In common with British police practice, officers are not routinely armed.

Owing to the small size of the force, there are no permanent armed response units, although some officers are trained and certified as authorised firearms officers.

==Personnel==
The RFIP has a total staff of 26, including sworn warranted constables and support staff to support the JCR.

The RFIP consists of:

- a Superintendent (Chief Police Officer),
- an Inspector (deputy),
- a Detective Sergeant,
- two uniformed Sergeants,
- twelve Police Constables,
- two Detective Constables,
- one Public Protection Officer
- two Reserve Police Sergeants
- a pool of Reserve Police Constables (similar to UK special constables but paid).

There are also

- a Senior Clerk,
- Five Controllers.

===Ranks===
The force uses the following standard British policing ranks:

Ranks of Royal Falkland Islands Police
| Rank | Superintendent (Chief of Police) | Inspector (Deputy Chief of Police) | Sergeant | Constable | Reserve constable |
| Insignia | UK Police Superintendent Epaulette | UK Police Inspector Epaulette | UK Patrol Sergeant Epaulette | UK Police Constable Epaulette | UK Police Constable Epaulette |

The RFIP is headed by a Chief Police Officer, who holds the rank of superintendent. The Chief Police Officer is assisted by a deputy chief officer who holds the rank of inspector.

===Uniformed policing===
Uniformed community policing is carried out by a team of twelve police constables and a pool reserve constables, supervised by two police sergeants.

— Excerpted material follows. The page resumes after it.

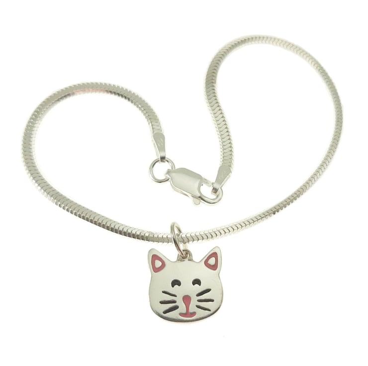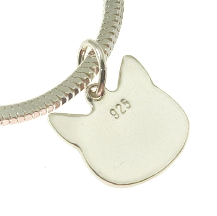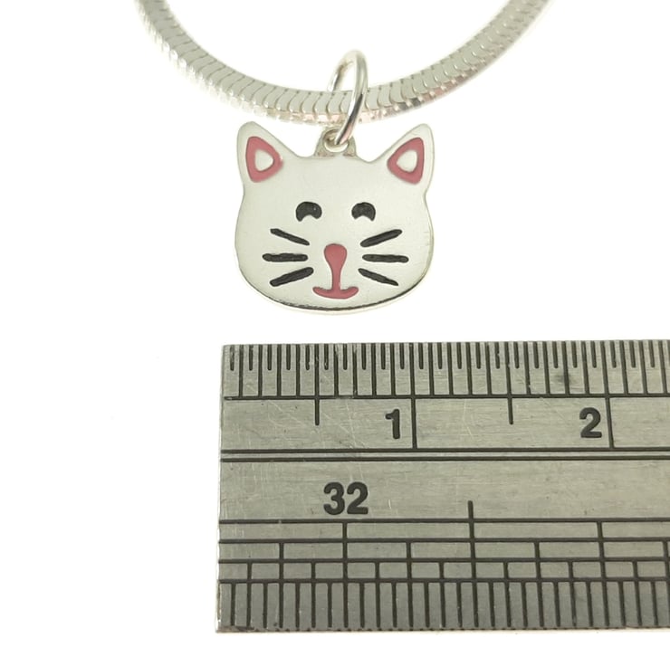 This cat bracelet has been lovingly crafted in the Shropshire. It is handmade from sterling silver sheet and is etched before being cut by hand. The edges are then smoothed using files and emery paper before it is given it's shape using a punch and hammer. A 5mm oval jump ring is then attached. Black and pink resin based enamels are added to the etched areas and the piece is then polished before being attached to a chain.

===Criminal Investigation Department===
The island's permanent CID was formed in 2018. Previously criminal detection was undertaken by uniformed police officers. The CID is staffed by two detective constables and one detective sergeant.

==Prison service==
Until November 2014, the RFIP also provided prison services on the Falkland Islands.

Since then, there has been a separate and independent prison service located adjacent to the police station provided by HM Prison Service.

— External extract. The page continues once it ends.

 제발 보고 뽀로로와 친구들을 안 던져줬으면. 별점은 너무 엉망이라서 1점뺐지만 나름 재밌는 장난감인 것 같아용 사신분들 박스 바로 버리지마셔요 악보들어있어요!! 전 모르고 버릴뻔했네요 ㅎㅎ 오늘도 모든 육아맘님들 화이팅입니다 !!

==Other Falklands police services==
Owing to the large military presence on the Falkland Islands there is always a contingent of military police – known as Joint Service Police & Security Unit (JSPSU), British Forces South Atlantic – stationed on the island.

As a matter of policy, all British military police officers from all three services assigned to the Falklands are also sworn in as RFIP reserve constables, so that they have full civil police powers during their tour of duty.